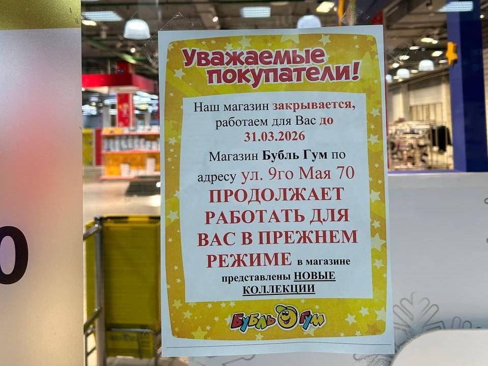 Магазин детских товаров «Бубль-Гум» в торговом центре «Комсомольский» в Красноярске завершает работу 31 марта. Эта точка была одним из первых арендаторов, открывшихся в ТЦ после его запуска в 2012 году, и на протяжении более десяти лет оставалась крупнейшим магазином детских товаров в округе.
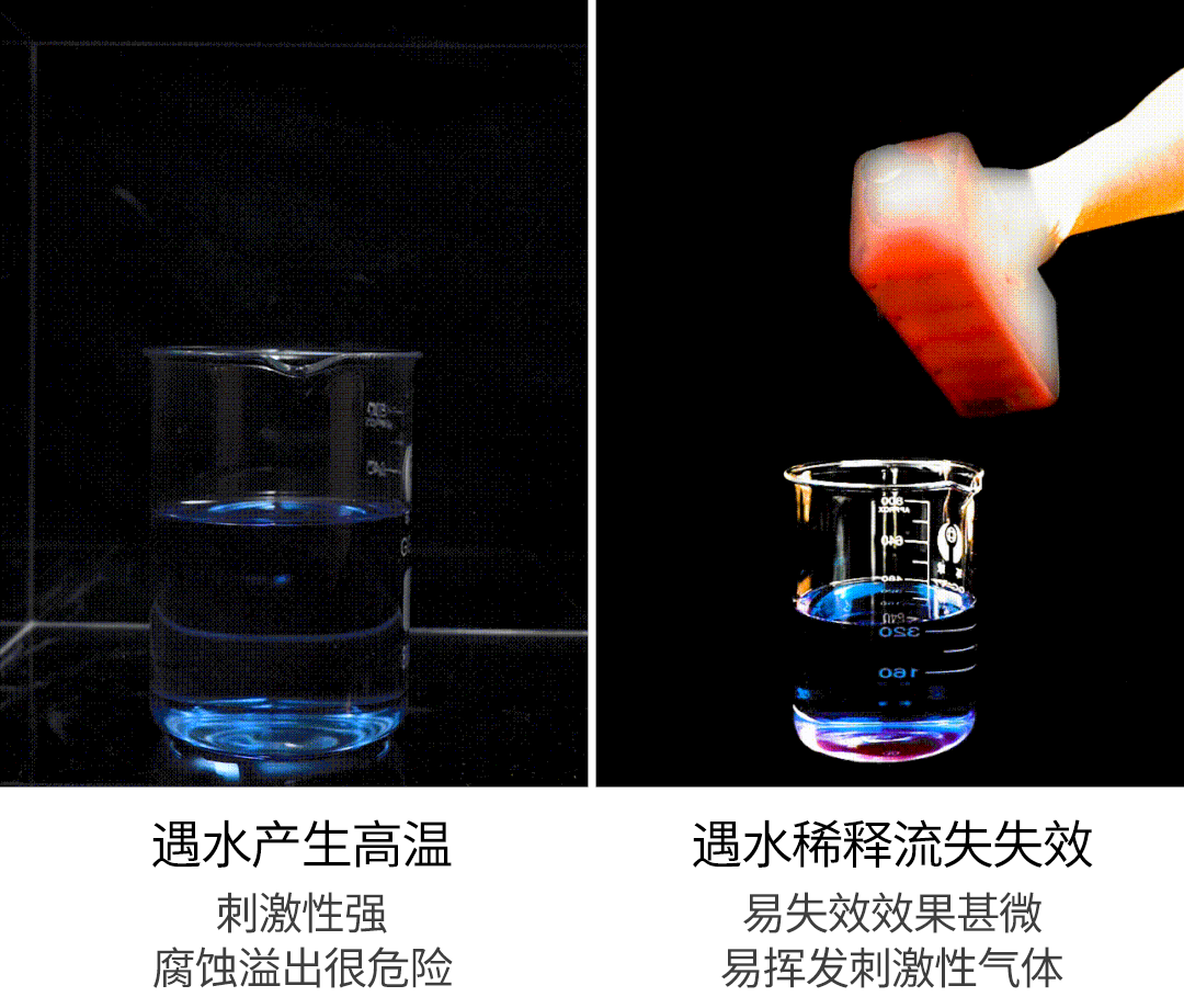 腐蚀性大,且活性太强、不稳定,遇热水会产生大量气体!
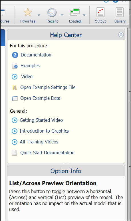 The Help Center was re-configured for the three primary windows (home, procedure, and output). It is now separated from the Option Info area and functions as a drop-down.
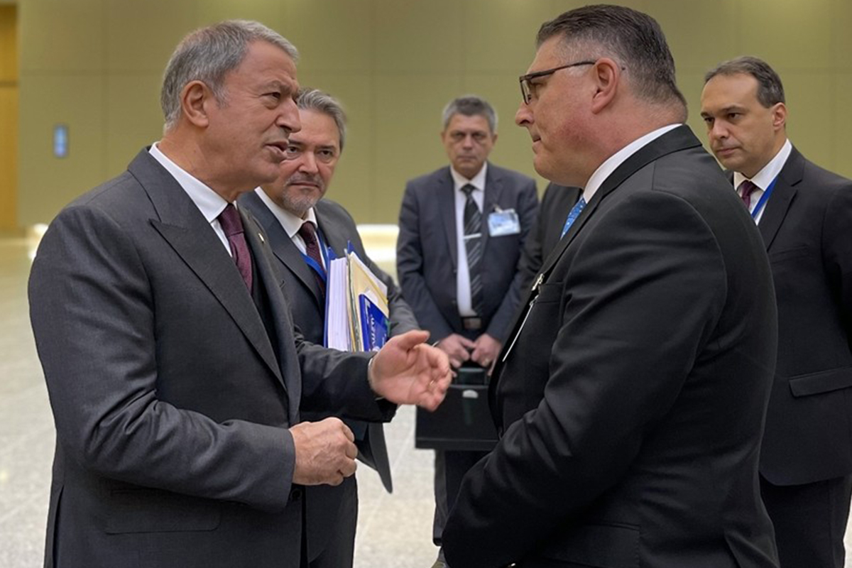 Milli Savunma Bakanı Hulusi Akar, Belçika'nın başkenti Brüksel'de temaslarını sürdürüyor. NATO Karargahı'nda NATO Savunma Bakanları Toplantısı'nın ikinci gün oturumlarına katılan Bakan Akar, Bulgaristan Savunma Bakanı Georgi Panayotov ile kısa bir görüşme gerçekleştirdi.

· · · · · · ·

> _WHAT THE EXERCISE ASKS_
From the line that holds "The Help Center" down to the last line of the material above, every line is to be copied exactly, both ends included; pictures are to be omitted.

> _RESPONSE TO THE EXERCISE_
 The Help Center was re-configured for the three primary windows (home, procedure, and output). It is now separated from the Option Info area and functions as a drop-down.
 Milli Savunma Bakanı Hulusi Akar, Belçika'nın başkenti Brüksel'de temaslarını sürdürüyor. NATO Karargahı'nda NATO Savunma Bakanları Toplantısı'nın ikinci gün oturumlarına katılan Bakan Akar, Bulgaristan Savunma Bakanı Georgi Panayotov ile kısa bir görüşme gerçekleştirdi.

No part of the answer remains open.